Everyone just looks good on Polaroid, too. It’s just a very flattering film to be shooting on. And people get so excited when it’s tangible. It feels like this very honest form of art, because it’s not this big, digital thing that you did in a studio with Photoshop and CGI and post-production—there’s none of that. No frills, no editing, no color correction. It’s not staged. That’s as close as you can get to honest documentation.
Did you shoot much in Polaroid back in the day?
Vivien: Not me specifically, because I was always working with amazing photographers and I sort of never bothered myself, because there were always mates documenting. Among them is my very close friend Jeannette Lee, formerly of Public Image Ltd, and now of Rough Trade Records. And she put out a book—which does actually feature yours truly, along with Johnny Rotten and everybody else—of her Polaroids.
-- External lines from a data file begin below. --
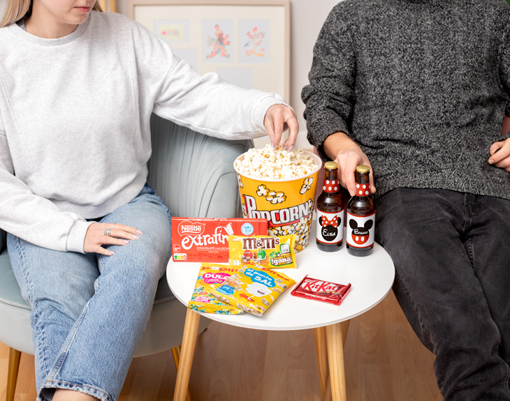 ¿Buscas sorprender a tu pareja con una cita romántica? ¿Acaso hay algo mejor que un maratón de vuestras pelis favoritas? ¡Está claro que no! Y es que tenemos el mejor aliado para esto, se trata de nuestro kit de cine personalizado con diseño de "Mickey & Minnie". ¡Es ideal! Y es que este kit de cine incluye todo lo necesario para hacer un maratón de pelis en casa. Viene con dos bolsas de palomitas (una de sal y otra de dulce), un cubo para poner las palomitas, una bolsa de m&m´s, un kitkat, una tableta de chocolate extrafino y dos botellines de cervezas personalizados. Si estás pensando en preparar un cita de cine con tu pareja, está claro que este kit es ideal. Y lo mejor es que podéis personalizar los botellines de cerveza con vuestros nombres. ¡Es genial! Personalizar este kit de cine es súper sencillo. El primer paso a seguir consiste en añadir el producto al carrito y entrar al área de personalización. Una vez ahí, ya puedes escribir vuestros nombres. Pronto quedará perfecto y listo para regalar. ¡Será un original regalo para parejas! Colores disponibles de la manta: blanco, negro o amarillo.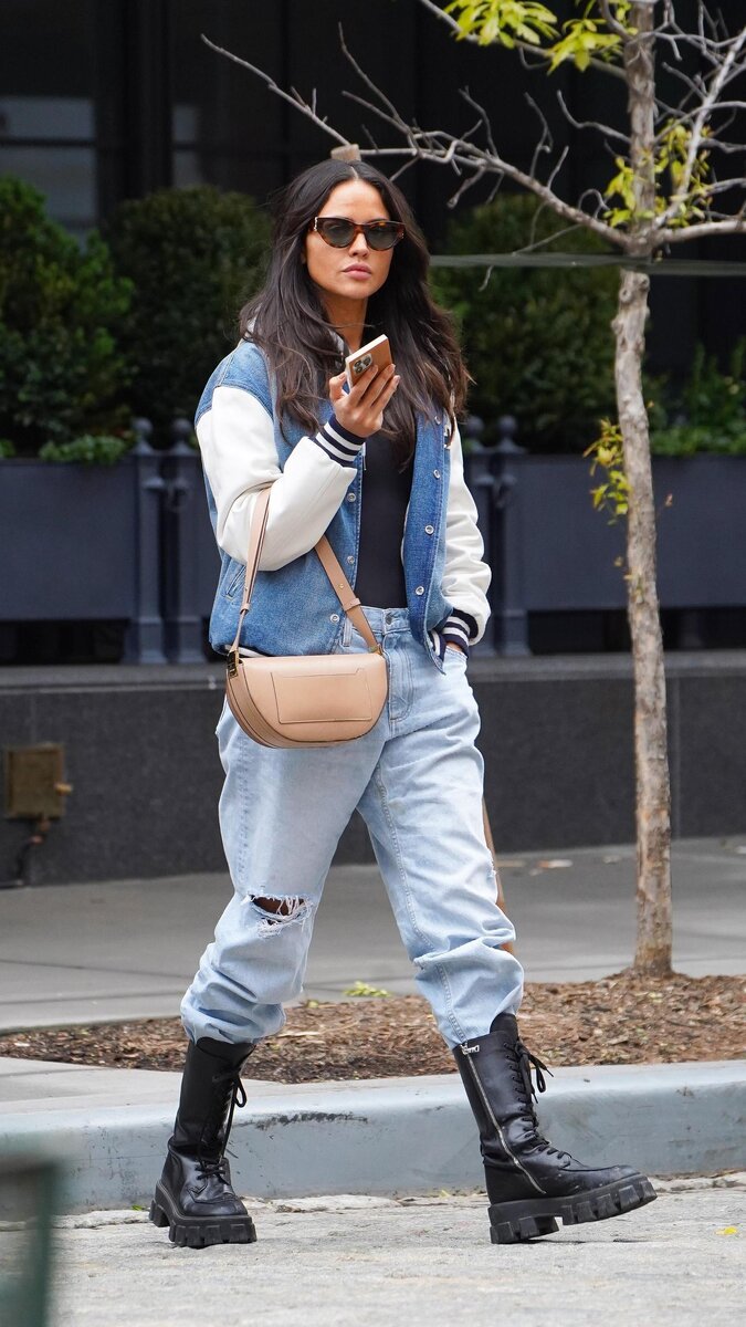 Эйса Гонсалес часто демонстрирует необычные стилевые приемы, и этот — один из них. Актриса появилась облегающем черном топе, поверх которого она надела бомбер со вставками из денима, и светло-голубых джинсах с рваными коленками. Штанины знаменитость заправила в высокие грубые ботинки на шнуровке — такой прием используют самые смелые и модные девушки. Завершила она выход бежевой фактурной сумкой и стильными солнцезащитными очками. Читайте также на нашем сайте: Подписывайтесь на нас в Телеграме, чтобы быть в курсе последних новостей!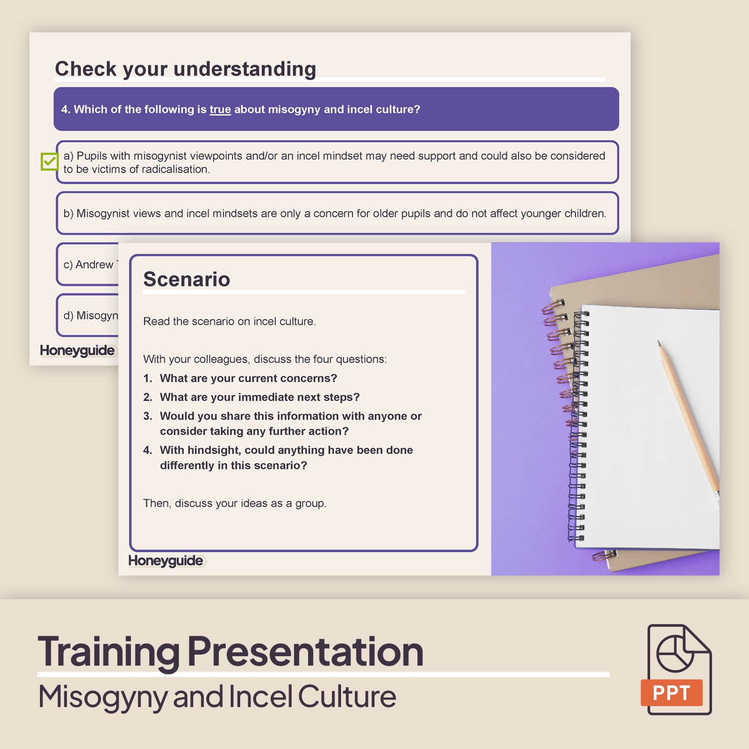 1. Staff Training Presentation - Misogyny and Incel Culture: A ready-to-deliver 26-slide PowerPoint presentation that outlines the key signs and indicators that a pupil has, or is developing, a misogynist mindset or is involved in the incel subculture. This includes key terminology that is used by incels, such as Chad, Stacy and bluepill, to build staff awareness in case pupils use them. This knowledge is followed by slides that allow staff to consider and discuss what puts pupils at greater risk, other factors to be aware of and what actions they should take. The presentation has built-in discussion questions and finishes with the accompanying scenario and a quiz to check staff understanding about incels and misogyny.
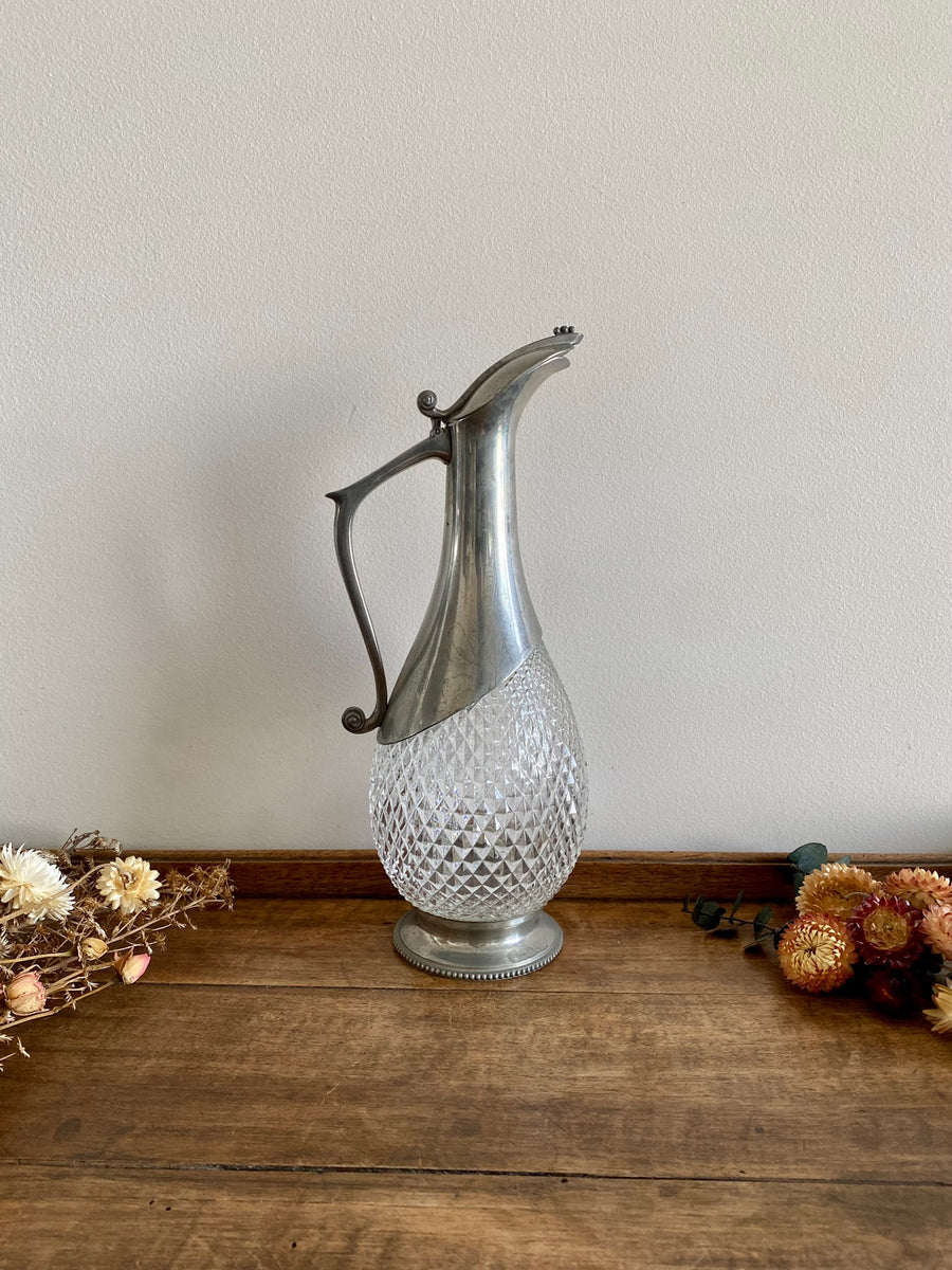 Carafe en verre ciselé recouverte d'étain

And the color often came out quite oversaturated—in a good way. You will find a sort of graphic intensity with those early Polaroid photos.
CJ: It’s the graphic intensity, but everything also has such a dreamlike quality, where it’s soft and hazy, and the highlights are a little blown out. It feels kind of glamorous to me. A Polaroid photo just makes anyone look like a movie star. Bowie encouraged younger artists to push these boundaries of their own individuality to express themselves in ways that far surpass their music.
Vivien: If he was on a shoot or something, instead of just retiring to his caravan or whatever, he would always make a point of talking to the kids on the set. ‘Where are you hanging out? Is there a new club? Let’s go together.’ That endless receptivity as an artist, and being open and listening and wanting to follow things is the way to keep being relevant, I think. Because you hear some people talk about, How do I stay relevant? That is the challenge if you’re committed to a whole life in whatever branch of art. Bowie shows us the key: Keep your ears open, don’t close your mind down, be honest.
“It feels kind of glamorous to me. A Polaroid photo just makes anyone look like a movie star.”
CJ: He never settled. He seems like the kind of person where nothing was ever enough for him. He always wanted to keep those doors open, like you said, and let the influences come to him from different types of people in different environments. He wasn’t just creating something new for the sake of doing something different; he was creating something new because it was relevant to this reflection of the world around him, and how things were changing in his actual life.
Vivien: And he took his people with him, didn’t he? He opened my eyes to all the possibilities. That just gave me the courage to explore. It doesn’t need to be eternal youth; it needs to be eternal creativity, eternal exploration.